I was replying to pika who doesn't believe in there's any hero in this manga. I know he's portrayed as a hero.



> There are some unexplained things with the character such as him working with Akatsuki and apparently not doing much about to stop the organization, but you can blame the author for failing to make it clear.



no, I did not blame Kishi. It's really minor compared to other plot holes.


----------



## Cybore (Aug 7, 2013)

eurytus said:


> he's still a sue character. he only fails when the plot absolutely demands it, he's wanked even when it contributes nothing to the plot.



I guess we'll just have to disagree on what constitutes a sue. As for the wanking, you can blame the author for that but I find it hilarious.



> in charge? no one's in charge of sasuke's life.
> I don't understand how he asked Naruto to take care of his brother has anything to do with if he thinks his brother is innocent. He said sasuke is innocent twice, what makes you think Itachi doesn't believe what he said?



If he said Sasuke is innocent, my bad.  I just don't recall the panels.

By leaving him in charge of Sasuke, I meant Itachi trusted Naruto would deal with Sasuke one way or another and that he felt that the Sasuke was in good hands. By this I meant to say, he did not just leave Sasuke knowing his malice towards Konoha without some sort of backup plan (Naruto).



> no, I did not blame Kishi. It's really minor compared to other plot holes.


Care to name a few?


----------



## eurytus (Aug 7, 2013)

Cybore said:


> I guess we'll just have to disagree on what constitutes a sue. As for the wanking, you can blame the author for that but I find it hilarious.



that's like saying we shouldn't judge any character, cos it's always the author's fault. Let me rephrase, kishi made him a marry sue, sounds better?






> leaving him in charge of Sasuke, I meant Itachi trusted Naruto would deal with Sasuke one way or another and that he felt that the Sasuke was in good hands. By this I meant to say, he did not just leave Sasuke knowing his malice towards Konoha without some sort of backup plan (Naruto).



It's not some backup plan, he could only hope Sasuke turned out ok, it's completely out of his control. anyway he already said he'll always love sasuke no matter what he decides to do, he wasn't even bothered if sasuke's a threat to Konoha anymore.




> Care to name a few?



the most infamous one being Obito didn't kamui to kidnapp Naruto when he's a kid. Itachi wanted Sasuke return to konoha where Danzo would definitely try to kill him


----------



## Cybore (Aug 7, 2013)

eurytus said:


> that's like saying we shouldn't judge any character, cos it's always the author's fault. Let me rephrase, kishi made him a marry sue, sounds better?

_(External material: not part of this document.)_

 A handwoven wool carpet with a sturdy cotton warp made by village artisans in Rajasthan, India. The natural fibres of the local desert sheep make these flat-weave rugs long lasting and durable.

Do I have to repeat myself? "I guess we'll just have to disagree on what constitutes a sue".  I do not think he is a Sue.  Sure some of the "wanking", like Hashirama saying itachi is the better Shinobi is a bit unecessary, but that doesn't make him a Sue IMO.  As for never failing, failing to stop sasuke and do something bout the Akatsuki are pretty big failures IMO. Fighting wise he is a bit unstoppable if you want to call him sue because of that, but he did falter a bit against Kabuto.



> It's not some backup plan, he could only hope Sasuke turned out ok, it's completely out of his control. anyway he already said he'll always love sasuke no matter what he decides to do, he wasn't even bothered if sasuke's a threat to Konoha anymore.

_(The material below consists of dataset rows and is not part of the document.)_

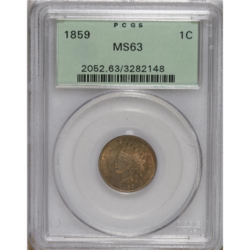 <B>1859 1C MS63 PCGS.</B></I> PCGS Population (422/601). NGC Census: (468/1162). Mintage: 36,400,000. Numismedia Wsl. Price for NGC/PCGS coin in MS63: $400. (#2052)<BR><BR><b>Shipping:</b> Coins & Currency (<a target="_blank" href="http://www.heritageauctions.com/common/shipping.php">view shipping information</a>)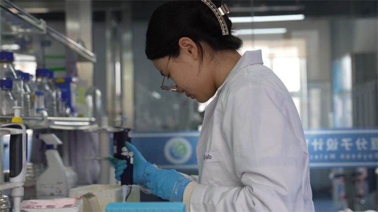 在育种场冻精生产实验室里,工作人员正将每天新采集的1万余剂种公牛冻精经过质量检测、高倍稀释、静置、冷冻、灌装等流程制成冻精制剂,这些冻精将发往全国各地。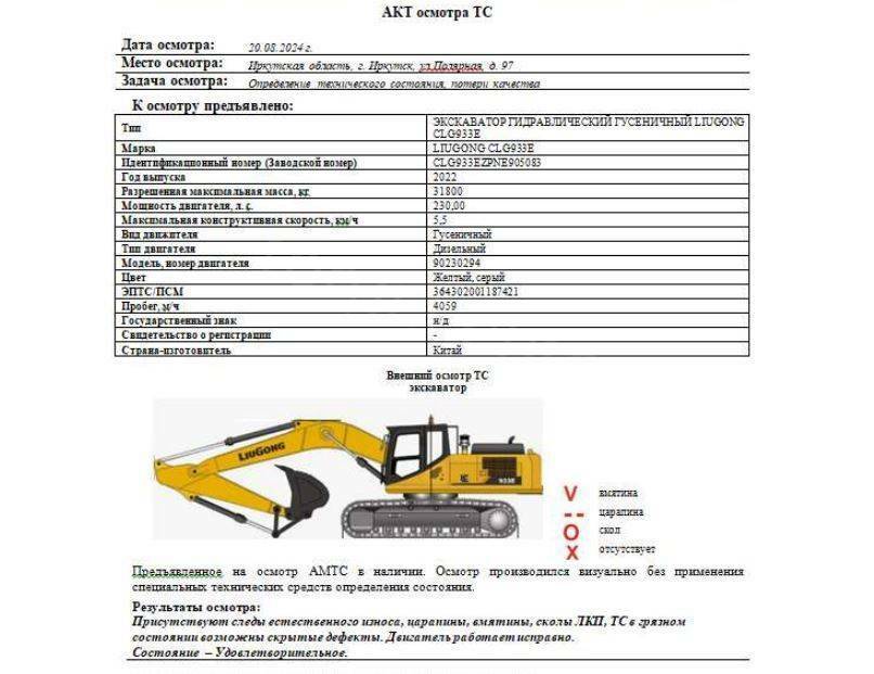 АО «Сбербанк Лизинг» Лот №3746. ЭКСКАВАТОР ГИДРАВЛИЧЕСКИЙ ГУСЕНИЧНЫЙ LIUGONG CLG933E, 2022
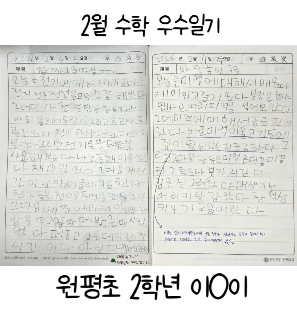안녕하세요~^^ 즐거움, 깨달음, 감동이 있는 창의 사고력 교육 와이즈만 거제 센터입니다 오늘은 2월 우수일기와 우수교재, 2026년도 첫분기의 우수일기 대상을 소개해 드립니다 수학 우수일기 과학 우수일기 3월 21일 이번주 토요일 새학기 입학설명회가 있습니다 ● 거제 와이즈만 신학기 입학설명회 ● "왜 똑같이 공부해도 결과가 다를까요?" 이번 주 토요일 오전 11시, 거제 와이즈만에서 '진짜 공부법'의 비밀을 공개합니다. 변화하는 교육 트렌드와 우리 아이를 위한 맞춤형 로드맵, 오직 현장에서만 확인 가능한 특급 전략을 놓치지 마세요! ◆ 안심 온라인 예약하기 https://forms.gle/s5dAwvNQvHiNVqPSA 좌석....... <img src="https://blogthumb.pstatic.net/MjAyNjAzMTlfMTY4/MDAxNzczOTAyMjM3Mjkw.dQv3tYpYMGYdTo572-k2OMScl7f00z2Djr5pMwct7tcg.4RKuJTlapRkMc07t6LbAn6MJhUGXQMTurMmRQpqiz3og.JPEG/%BF%F8%C6%F2%C3%CA_2_%C0%CC%C1%A6%C0%CC_%BC%F6%C7%D0%C0%CF%B1%E2_1.jpeg?type=s3" />

Ok so I used the wrong wording. Its not a backup plan. regardless, he did not leave Sasuke unchecked.  Threat or not threat he left Naruto to take care of him since he admitted to have failed. He loved his brother perhaps even more than Konoha and loved him unconditionally. Again, a blemish on his record as a sue/perfect shinobi.



> the most infamous one being Obito didn't kamui to kidnapp Naruto when he's a kid. Itachi wanted Sasuke return to konoha where Danzo would definitely try to kill him



I thought you meant plotholes regarding itachi. I don't recall Danzo trying to kill Sasuke until he confronted him. When and why would Danzo try to kill him again? After his fight with Itachi? If anything he'd be hailed a hero for killing the man who murdered the Uchiha clan. Danzo never had much interest in Sasuke before, so I don't know why that would change.


----------



## efmp1987 (Aug 7, 2013)

1/10. He the most perfect character. Smart. Talented. Good. Powerful. Everything positive can be used to describe that. And i dont liket!.


----------



## JPongo (Aug 7, 2013)

Danzo gave him a choice for him (save Sasuke) or Konoha (annihilate everyone) to do it.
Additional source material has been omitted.